What to produce:
No pictures go into the copy. Write out exactly the lines below from the one containing "40 m² - 1 ložnice" through the one containing "Расширенные данные в".

Listed entries:

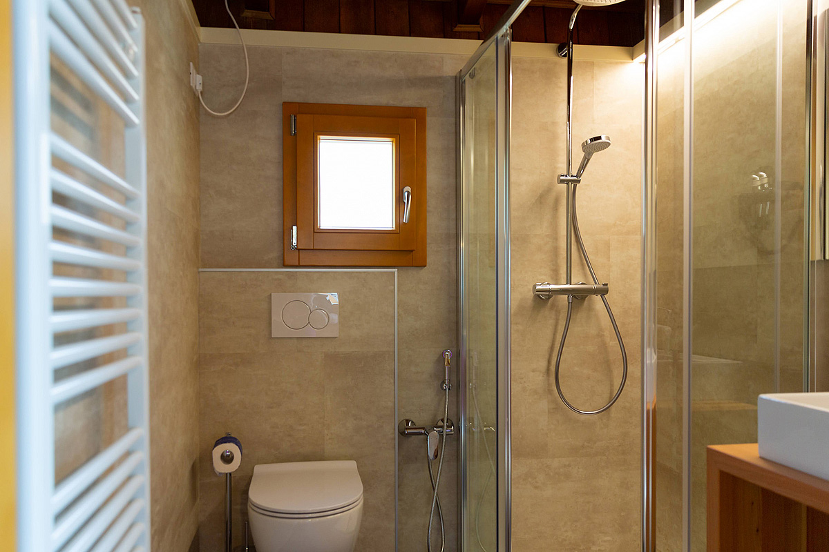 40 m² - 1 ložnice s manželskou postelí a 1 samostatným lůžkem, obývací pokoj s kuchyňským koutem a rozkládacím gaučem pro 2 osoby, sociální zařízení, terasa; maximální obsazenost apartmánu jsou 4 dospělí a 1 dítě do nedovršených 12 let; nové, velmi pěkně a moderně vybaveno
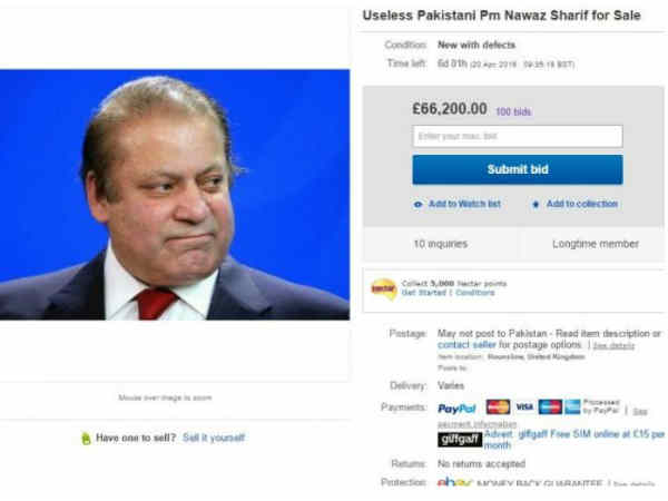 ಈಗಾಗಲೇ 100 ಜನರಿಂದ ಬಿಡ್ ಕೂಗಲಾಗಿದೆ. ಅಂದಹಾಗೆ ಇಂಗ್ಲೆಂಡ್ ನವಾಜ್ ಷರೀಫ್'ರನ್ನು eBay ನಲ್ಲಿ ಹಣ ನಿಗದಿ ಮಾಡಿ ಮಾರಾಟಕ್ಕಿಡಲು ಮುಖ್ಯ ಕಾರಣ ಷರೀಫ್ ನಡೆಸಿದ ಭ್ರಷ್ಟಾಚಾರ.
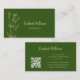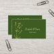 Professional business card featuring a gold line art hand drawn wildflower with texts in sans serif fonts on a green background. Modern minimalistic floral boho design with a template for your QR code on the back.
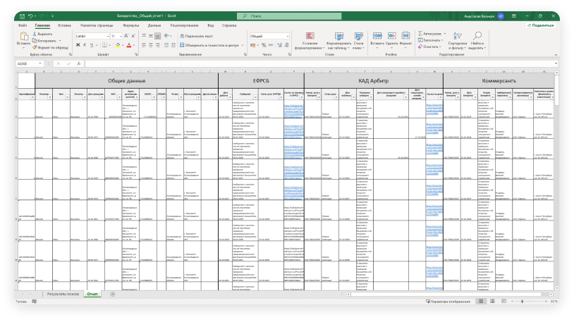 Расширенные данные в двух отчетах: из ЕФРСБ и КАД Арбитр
* * *
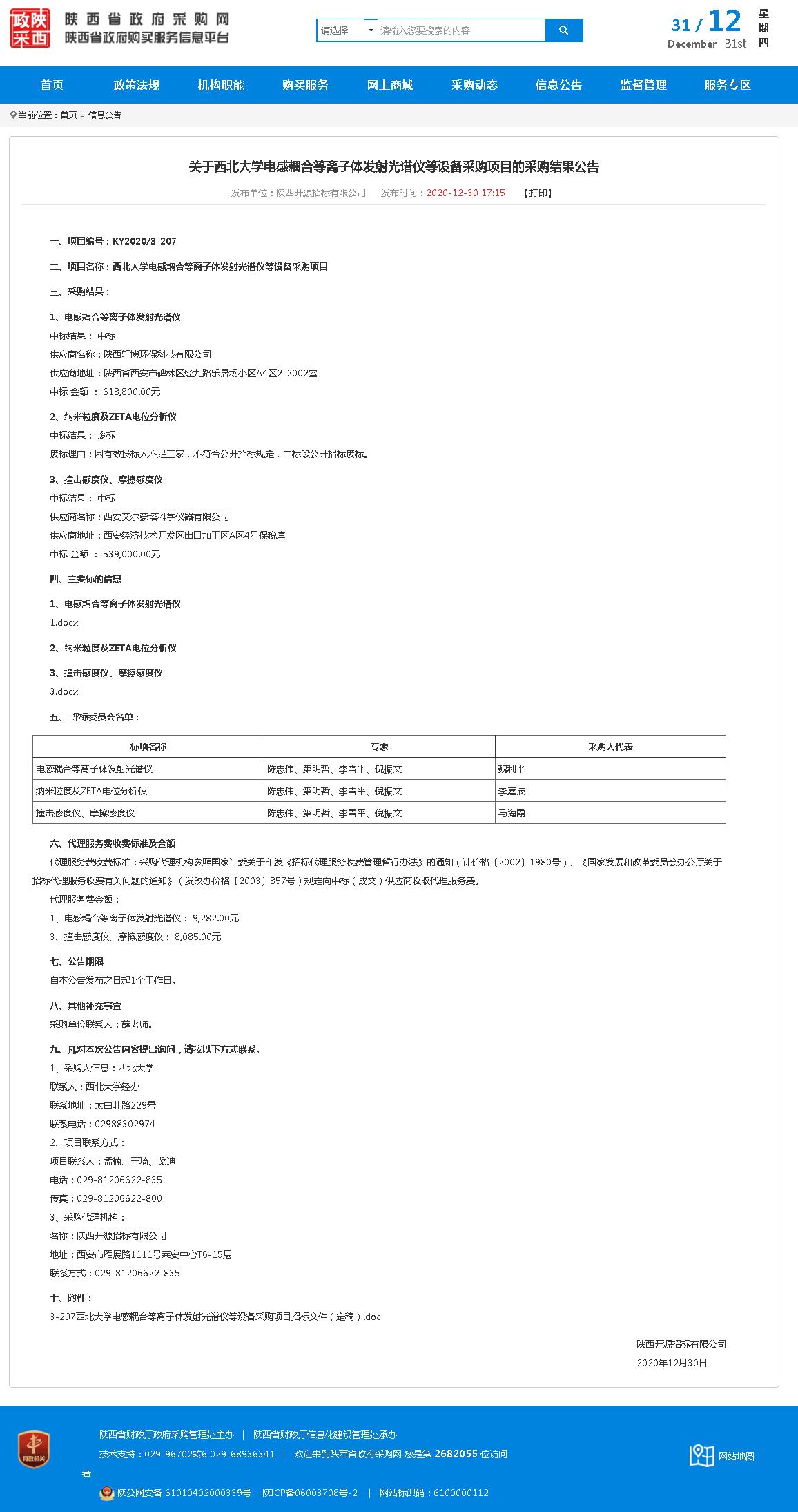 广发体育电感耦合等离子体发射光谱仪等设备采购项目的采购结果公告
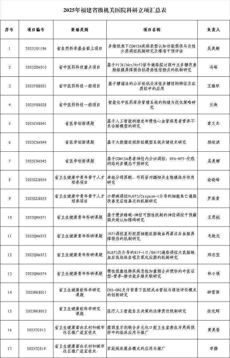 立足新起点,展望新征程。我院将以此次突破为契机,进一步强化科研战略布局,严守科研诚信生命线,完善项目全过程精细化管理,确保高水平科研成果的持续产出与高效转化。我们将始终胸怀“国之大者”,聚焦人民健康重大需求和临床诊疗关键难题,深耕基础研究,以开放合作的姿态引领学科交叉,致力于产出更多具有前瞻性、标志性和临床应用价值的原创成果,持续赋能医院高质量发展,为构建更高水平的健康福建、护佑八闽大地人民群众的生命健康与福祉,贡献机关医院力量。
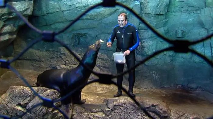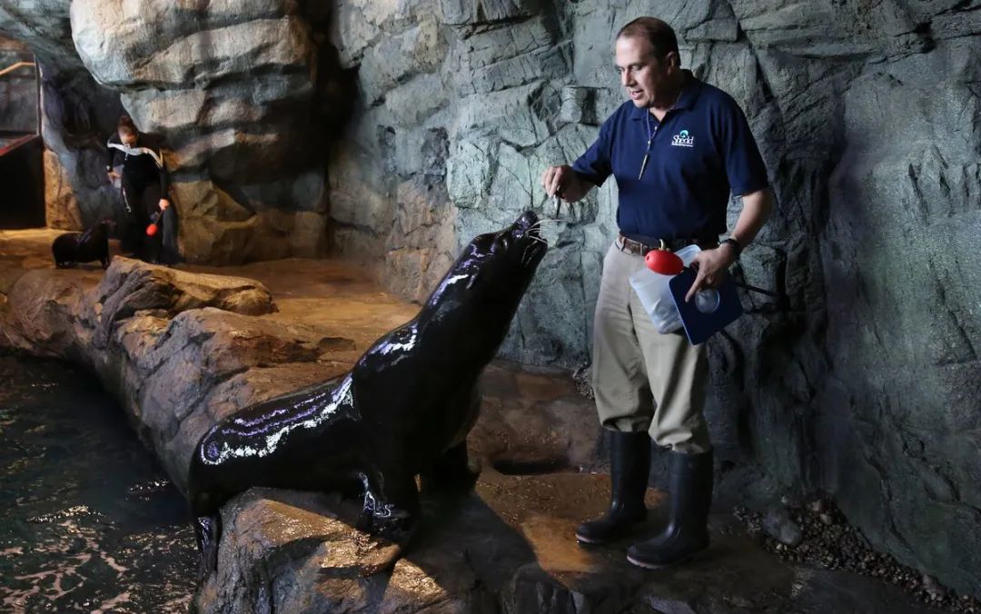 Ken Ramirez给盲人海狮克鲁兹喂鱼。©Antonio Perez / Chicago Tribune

Exercise solution:
 40 m² - 1 ložnice s manželskou postelí a 1 samostatným lůžkem, obývací pokoj s kuchyňským koutem a rozkládacím gaučem pro 2 osoby, sociální zařízení, terasa; maximální obsazenost apartmánu jsou 4 dospělí a 1 dítě do nedovršených 12 let; nové, velmi pěkně a moderně vybaveno
 ಈಗಾಗಲೇ 100 ಜನರಿಂದ ಬಿಡ್ ಕೂಗಲಾಗಿದೆ. ಅಂದಹಾಗೆ ಇಂಗ್ಲೆಂಡ್ ನವಾಜ್ ಷರೀಫ್'ರನ್ನು eBay ನಲ್ಲಿ ಹಣ ನಿಗದಿ ಮಾಡಿ ಮಾರಾಟಕ್ಕಿಡಲು ಮುಖ್ಯ ಕಾರಣ ಷರೀಫ್ ನಡೆಸಿದ ಭ್ರಷ್ಟಾಚಾರ.
 Professional business card featuring a gold line art hand drawn wildflower with texts in sans serif fonts on a green background. Modern minimalistic floral boho design with a template for your QR code on the back.
 Расширенные данные в двух отчетах: из ЕФРСБ и КАД Арбитр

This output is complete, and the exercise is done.